Limitations of texture analysis (Bereby-Kahane et al.): Not all MRI-AI approaches succeed. Using TexRAD software on 1.5T MRI data from 73 patients, texture analysis showed poor performance for predicting high-grade tumors (AUC = 0.64) and lymphovascular space invasion (AUC = 0.59). While tumor volume and short axis measurements were significantly higher in high-grade cases, the texture features alone lacked the discriminative power needed for reliable clinical predictions. This result underscores that AI is not a guaranteed improvement and that model selection, feature engineering, and data quality all matter.
Despite the impressive performance numbers reported throughout this review, the authors emphasize several important limitations that must be addressed before AI diagnostic tools can be widely adopted in clinical practice for EC.
Data and generalizability concerns: Many of the AI models reviewed were trained and validated on retrospective, single-institution datasets. This raises serious questions about how well they would perform across different patient populations, hospitals, imaging equipment, and tissue preparation protocols. A model trained on H&E-stained slides from one laboratory may behave differently when applied to slides prepared with slightly different staining techniques elsewhere. The lack of large, multi-center prospective validation studies remains a critical gap in the field.
The "black box" problem: Many deep learning models, including the CNNs and multi-resolution networks reviewed here, operate as "black boxes" where the internal decision-making process is opaque. Clinicians are understandably reluctant to trust a diagnosis they cannot understand or verify, especially for high-stakes decisions like cancer staging. While some models (like HIENet with its attention mechanisms) offer interpretable visualizations, most lack this transparency. Making AI models explainable and auditable is essential for clinical trust and regulatory approval.

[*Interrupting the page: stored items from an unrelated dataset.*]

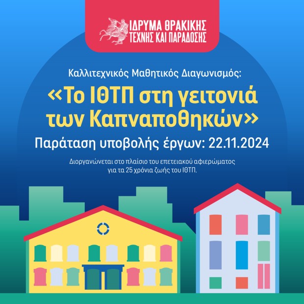 Το Ίδρυμα Θρακικής Τέχνης και Παράδοσης ανακοινώνει την παράταση της περιόδου υποβολής έργων για τον Καλλιτεχνικό Μαθητικό Διαγωνισμό «Το ΙΘΤΠ στη γειτονιά των Καπναποθηκών» έως την Παρασκευή 22 Νοεμβρίου.
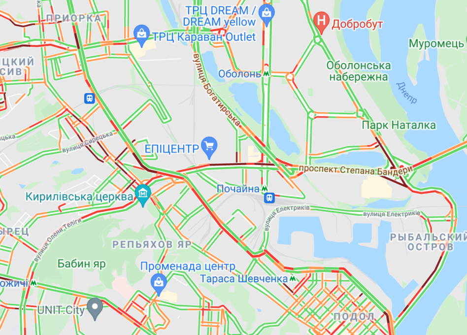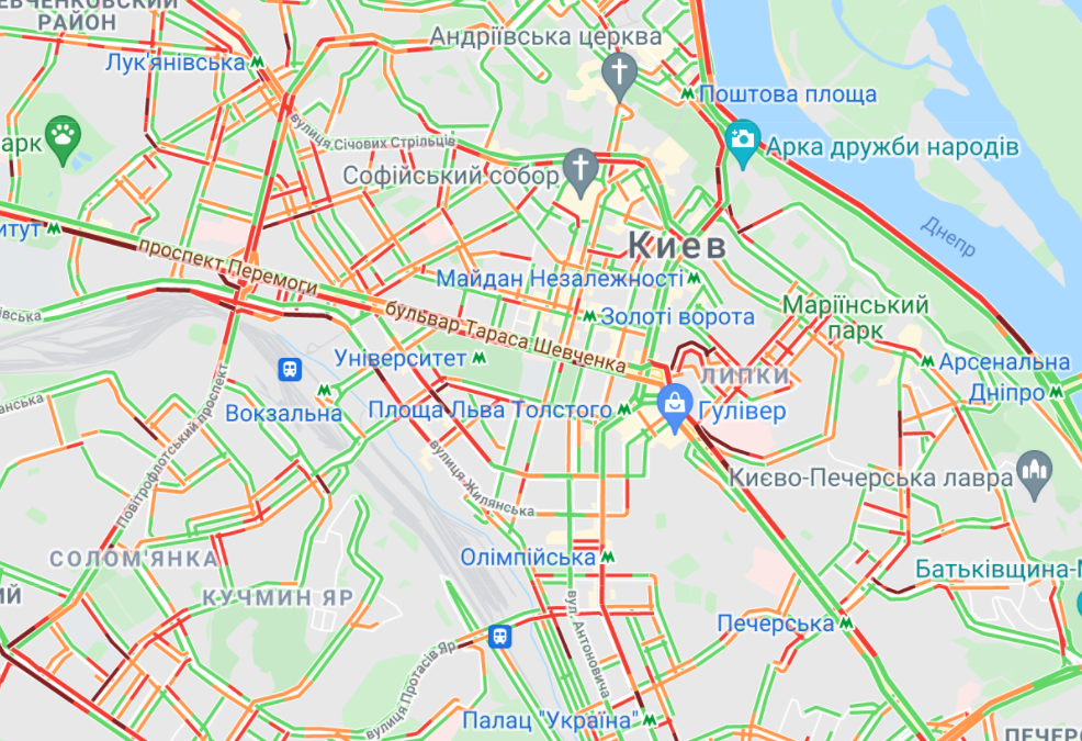 Трудно проехать метро "Кловская" по бульвару Леси Украинки, а также Бессарабскую площадь. Пробки традиционно образовались на проспекте Победы и ул. Жилянская. Небольшие заторы наблюдают на Набережно-Крещатицкой и Набережном шоссе.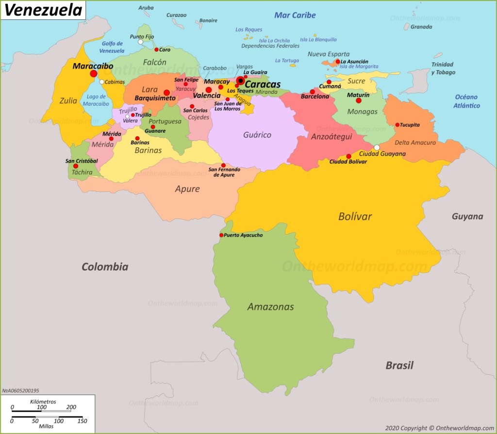 Le Venezuela ou la république bolivarienne du Venezuela, en l’honneur de Simón Bolívar, est une république fédérale située au Nord de l’Amérique du Sud, bordé par la mer des Caraïbes, à l’est-sud-est par le Guyana, au sud par le Brésil, au sud-ouest et à l’ouest par la Colombie.La langue nationale du Venezuela est l’espagnol et sa capitale et principale métropole est Caracas. Le pays est majoritairement de religion catholique. Sa population est composée essentiellement de métis. Le Venezuela est une puissance énergétique majeure avec des réserves prouvées de 302 milliards de barils de pétrole, ce qui en fait le 1° pays au monde dans le classement par réserves de pétrole prouvées devant l’Arabie saoudite, mais 3/4 de ces réserves sont des sables bitumineux, dont l’exploitation est malaisée et très polluante.
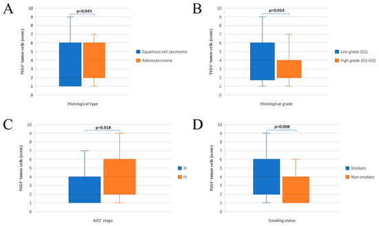 Immunohistochemical analysis was performed independently by two researchers, without familiarization with the clinical data of the studied population. In the case of preparations with different obtained values, the final result was reached by consensus. Cytoplasmic expression of VEGFa was determined by a semiquantitative method, as a product of the percentage of positive tumor cells and the intensity of the reaction, according to the recommendations of Klein et al. [25]. Percentual expression, i.e., the number of VEGF positive per 100 counted tumor cells, was classified into four categories: 0—absence of immunoreactivity, 1 <30%, 2 31–60% and 3 >61% immunoreactivity, while the staining intensity was graded as follows: 0—no staining, 1—weak; 2—mild and 3—strong staining. By multiplying these values, VEGF expression in all NSLC samples was scored from 1 to 9. Specifically defined, the cutoff point to distinguish low from high VEGF expression was 25% of positive carcinoma cells [26].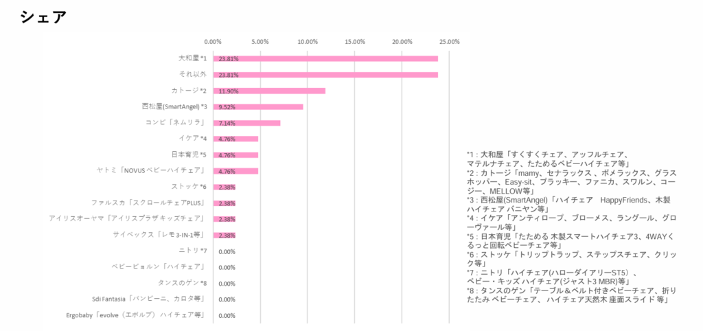 シェアについての調査では、「大和屋」が最も多く20%超を占め、次いで「カトージ」「西松屋(SmartAngel)」が続く形となりました。「その他」の占める割合も高く、多様なプレーヤーが市場に参入している状況がうかがえます。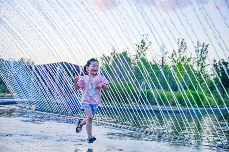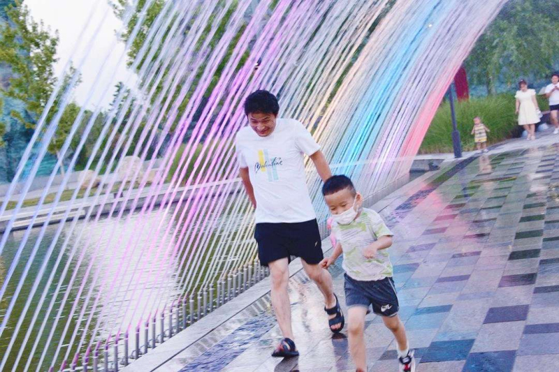 去年11月,大秦水舞光影秀开始进行水幕激光、灯光及水柱管网等维修升级工程,采用了先进数控喷泉、数字灯光设备及全方位智能控制系统。新的播放季,将以全新内容与观众见面。与此同时,在连通秦文明广场6个湖泊组成的水系中,多个喷泉也将全面开放,为游客带来各具特色的赏游体验。武功区附近的“彩虹”喷泉,最受孩子们欢迎。一道道水柱喷涌而起,变成彩虹架在道路上方。天气热的时候,小朋友喜欢在“隧道”里嬉戏玩耍,大人也可以在这里感受清凉。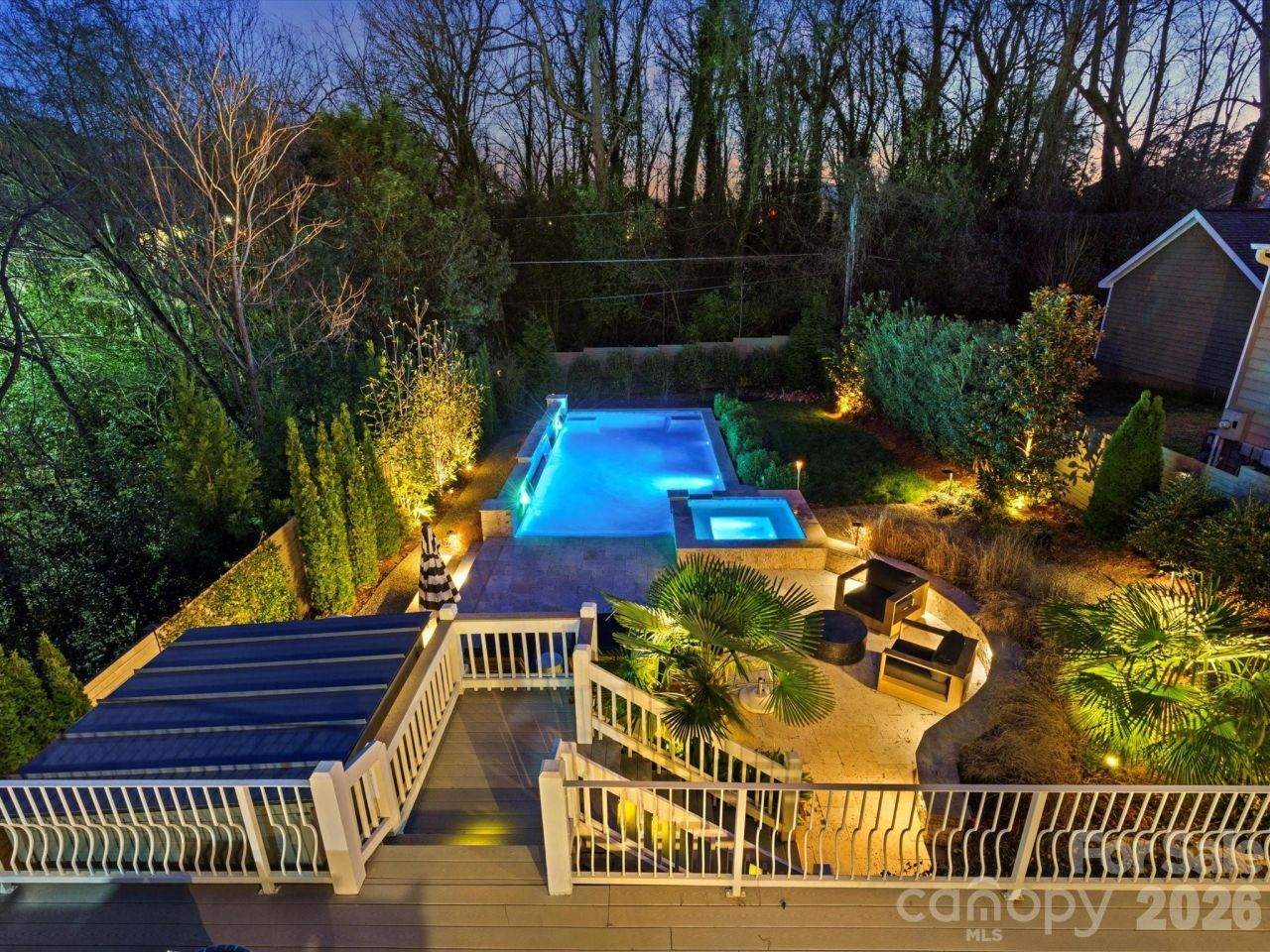 Resort-Style Private Retreat Minutes from Uptown CharlotteDiscover a rare offering?an exceptional custom-built residence that delivers modern sophistication, luxurious outdoor living, and unmatched privacy, all while being just moments from Uptown, NoDa, and Plaza Midwood. Surrounded by mature trees and set back from the street, this home provides a secluded, resort-like atmosphere in one of Charlotte's most desirable urban locations. Designed with intention and crafted with premium finishes, this fully upgraded smart home blends everyday comfort with high-end living. Thoughtful technology, designer selections, and a spacious, flowing layout make the home ideal for both relaxed living and effortless entertaining. The outdoor spaces are truly standout features. A heated and chilled saltwater pool with integrated spa and waterfall creates a stunning focal point, complemented by expansive terraces, multiple outdoor living areas, a screened porch, Trex deck, and beautifully landscaped grounds with custom lighting. A dedicated pool bath with shower adds year-round convenience. Inside, the main level offers an entertainer's kitchen with granite countertops, a wet bar with beverage refrigerator, a large dining area, and a warm, inviting great room with fireplace. A first-floor bedroom and private office provide flexible living options. Whole-home smart surround sound enhances both daily living and hosting. Upstairs, the luxurious primary suite includes a custom walk-in closet and a private terrace?perfect for morning coffee or unwinding at sunset. This level also features a kitchenette, spacious laundry room, and two additional bedrooms. A rare combination of privacy, design, and location, this home lives like a personal resort in the heart of Charlotte.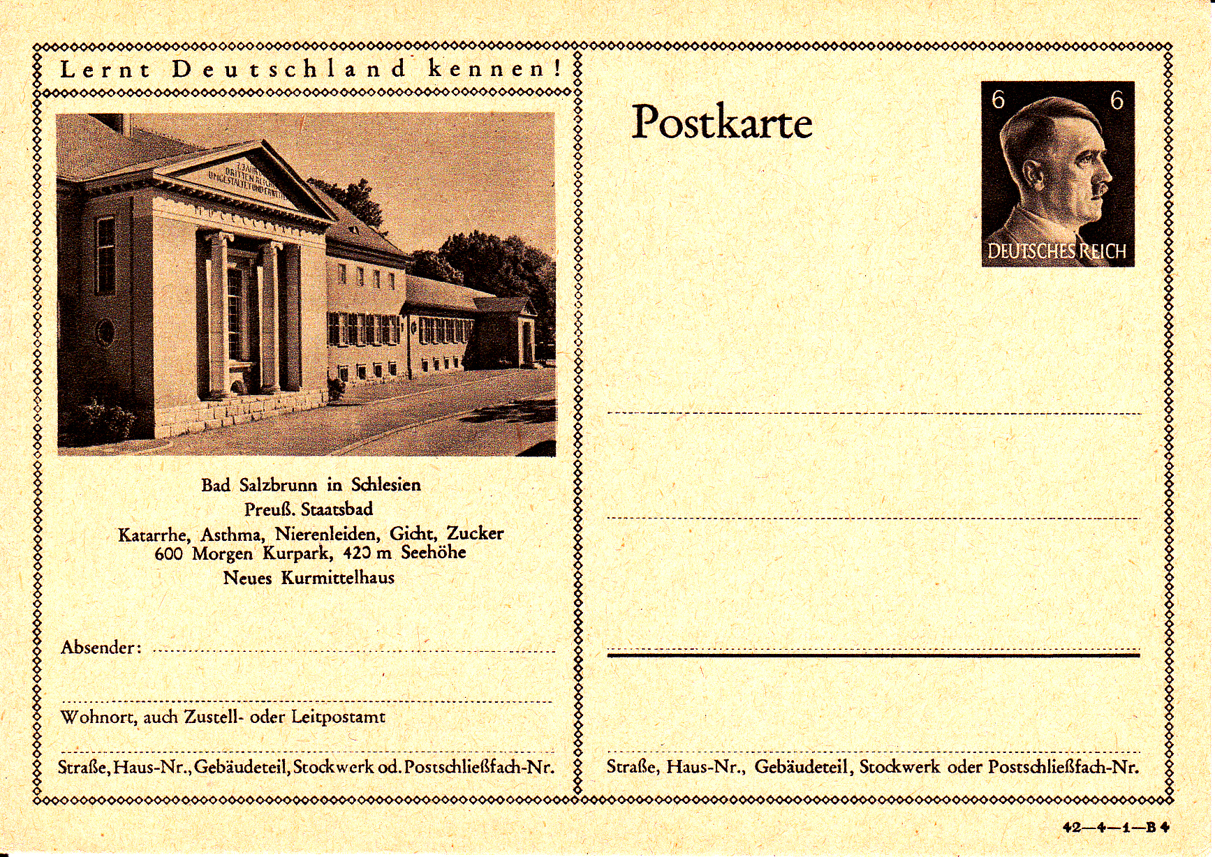 Ich beginne mit der Karte mit dem Druckvermerk 42-4-1-B1 (Ausgabejahr 1942-Serie 4-Druckplatte 1-Bild 1; bei weiteren Karten nenne ich jeweils die Serie und die Bildnummer, die Druckplattennummer nur, wenn es verschiedene Druckplattennummern bei der jeweiligen Serie gibt).

Infrastructure and implementation barriers: Deploying AI in clinical workflows requires substantial digital infrastructure, including high-quality image scanners, robust data storage, and computational resources. It also demands clinician training on how to use and interpret AI outputs, as well as standardized workflows for integrating AI predictions into existing diagnostic pathways. These requirements create significant barriers for resource-limited settings, which are often the areas that would benefit most from AI-augmented diagnostics. The cost and complexity of implementation must be weighed against the demonstrated improvements in accuracy and efficiency.
Overall conclusions from the review: Across histopathology, imaging, and multi-omics, AI has demonstrated strong potential to enhance EC diagnostic accuracy, reduce subjectivity, and speed up decision-making. AI tools offer scalable, non-invasive solutions that can complement or approximate the performance of more complex molecular techniques. The evidence supports AI's role in enabling earlier diagnosis, improved risk stratification (as shown by HECTOR), and more personalized treatment strategies. However, rigorous prospective validation, transparent model development, and thoughtful implementation strategies are needed before these tools can become part of routine EC care.